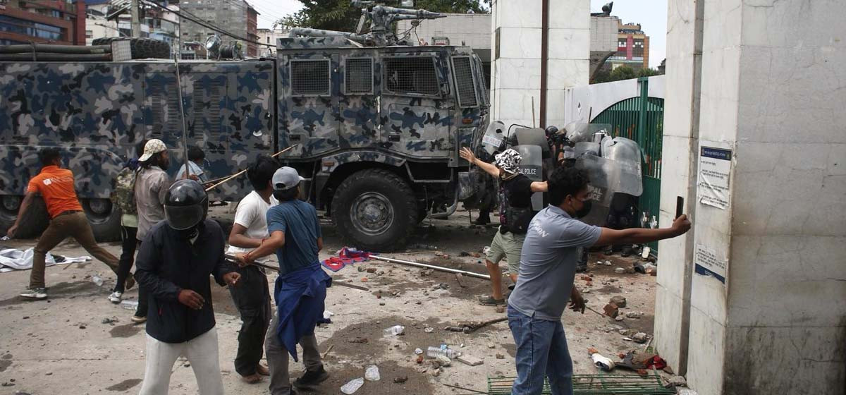 ‘जेन-जी’ पुस्ताको प्रदर्शनमा १४ जनाको मृत्यु भएपछि उग्र बनेको काठमाडौंको नयाँ बानेश्वर क्षेत्रमा प्रहरीले प्रदर्शनकारीहरूमाथि व्यापक बल प्रयोग गर्दै उनीहरूलाई लखेट्न थालेको छ।
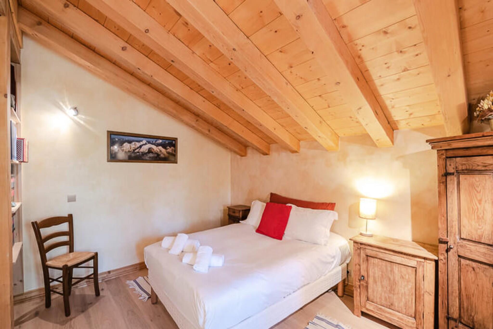 Denne charmerende hytte på 210 m², bedømt til 3 stjerner, er fordelt på 2 etager og har plads til op til 12 gæster fordelt på 6 rummelige soveværelser. Beliggende i Tines-distriktet, 5 km fra Chamonix, tilbyder det en betagende udsigt over Mont Blanc. Det hyggelige opholds- og spiseområde på 60 m² omfatter pejs, hjemmebiograf, dvd-afspiller og terrasse med havemøbler. Det separate køkken er fuldt udstyret med moderne apparater såsom en opvaskemaskine, ovn, induktionskomfur, mikroovn og kaffemaskiner, sammen med raclette- og fonduesæt til underholdning. Et soveværelse med dobbeltseng (160x200), privat brusebad og toilet er også placeret i stueetagen. På første sal er der flere soveværelser: et med to enkeltsenge, et med en dobbeltseng (140x190), og to mere med dobbeltsenge og balkoner. Et badeværelse, brusebad og separate toiletter fuldender layoutet. Hytten er udstyret med vaskemaskine, tørretumbler og skirum for nemheds skyld. Privat udendørs parkering er tilgængelig, og Wi-Fi sikrer, at du forbliver forbundet under hele dit ophold. Hytten er ikke-ryger, og kæledyr er ikke tilladt. Der kræves et depositum på 2.000 euro før ankomst. Nærliggende transportmuligheder omfatter et busstoppested 450 m væk, SNCF-stationen 450 m væk, og busstationen 5,3 km væk. Tjenester inkluderer en varm velkomst, badeværelsesprodukter, sengetøj og slutrengøring (undtagen køkken og affald).
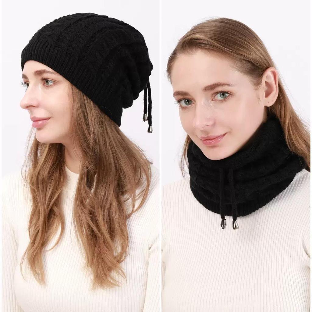 Fall/Winter Women's Double Wear Drawstring Knitted Ponytail Hat with Deer Plush Fabric
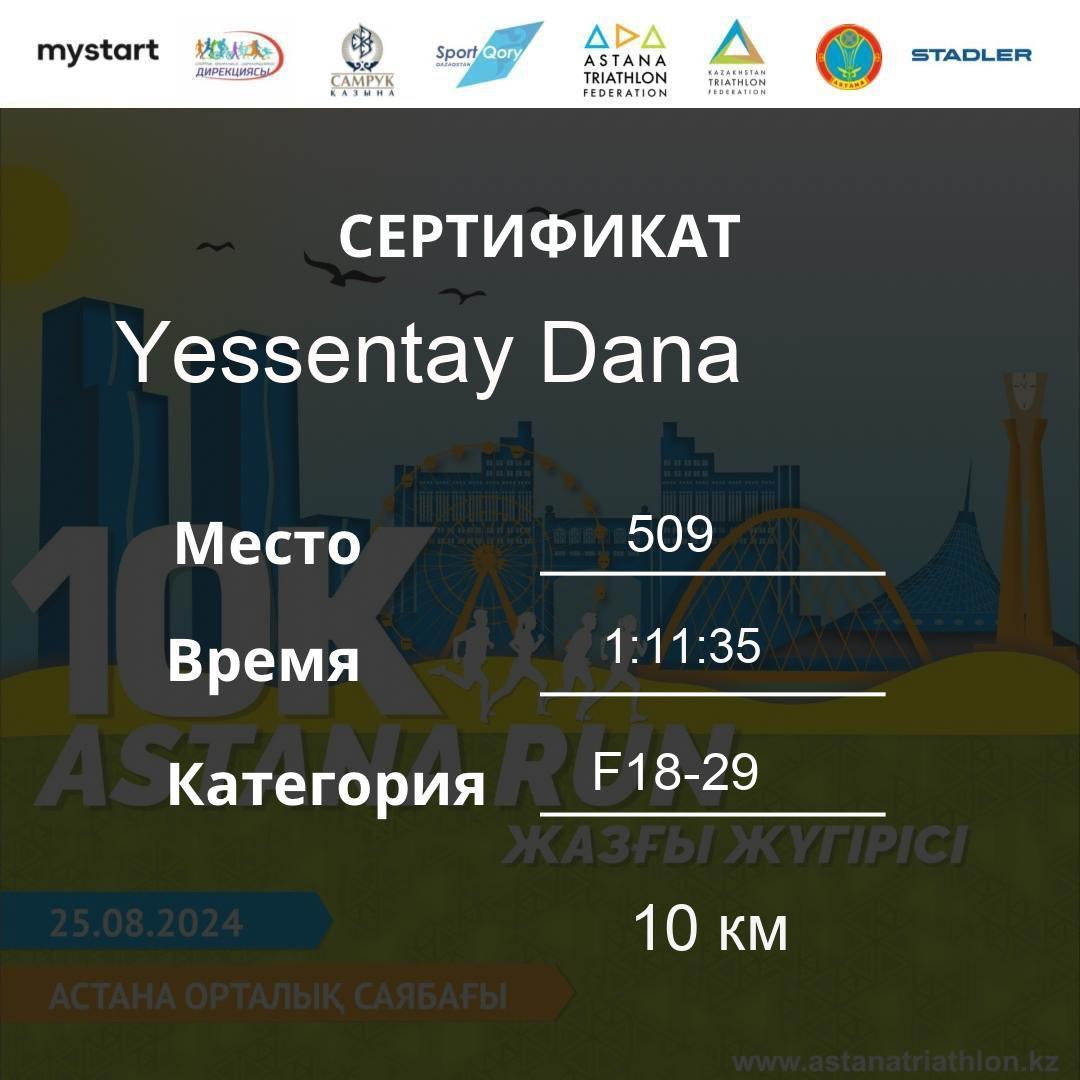 | 509 | Yessentay Dana | 435 | F18-29 | 10 км | 1:11:35 | 25 | Download |
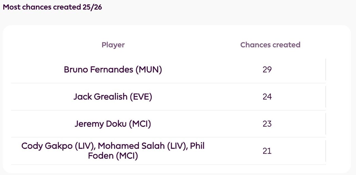 Бруну Фернандеш из "Манчестер Юнайтед" создал 29 голевых возможностей в этом сезоне Премьер-Лиги — больше всех 🔝
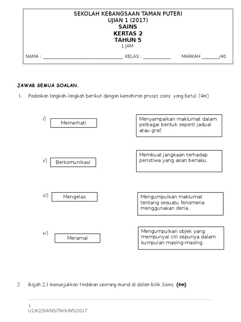 Soalan Sains Tahun 5 Kemahiran Saintifik Lamaran M
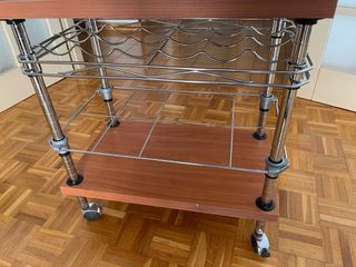 Pratica cantinetta per vini dal design rustico. - Struttura in legno massello. - Quattro livelli per bottiglie - Ruote per una facile mobilità - Un cassetto superiore con maniglia.
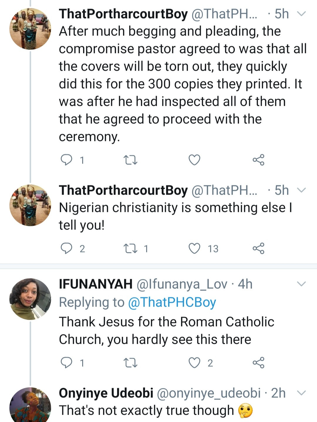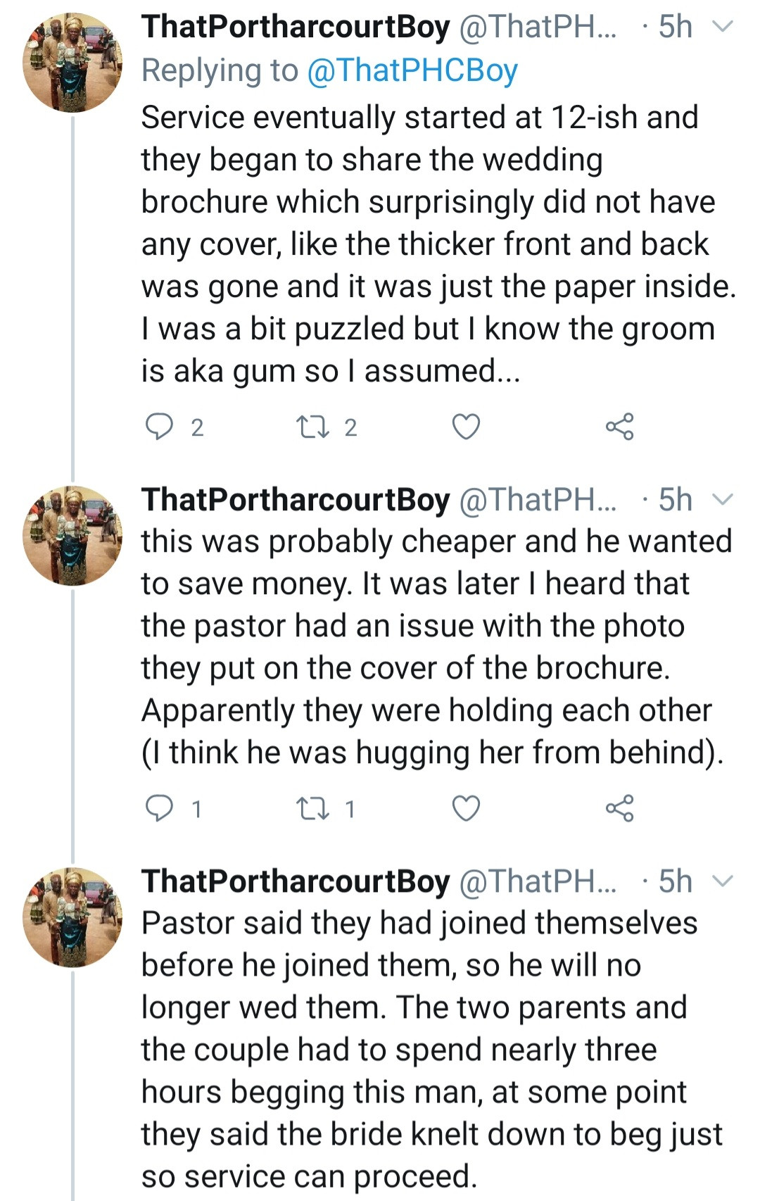 A Nigerian Twitter user has told the rather startling story of a wedding he attended where the ceremony was delayed for 2 hours as the priest refused to wed the couple.
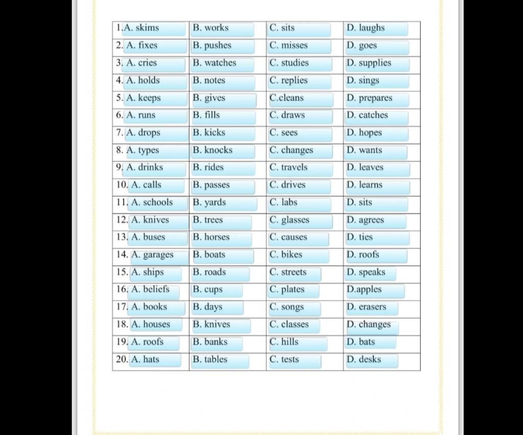 20. B phát âm là /z/ - còn lại là /s/

++++++

:: WHAT YOU WILL DO ::
Find the line containing "A Nigerian Twitter" in the records above, then copy it and every line after it exactly, through the last one, without any pictures.

:: ANSWER BOX ::
 A Nigerian Twitter user has told the rather startling story of a wedding he attended where the ceremony was delayed for 2 hours as the priest refused to wed the couple.
 20. B phát âm là /z/ - còn lại là /s/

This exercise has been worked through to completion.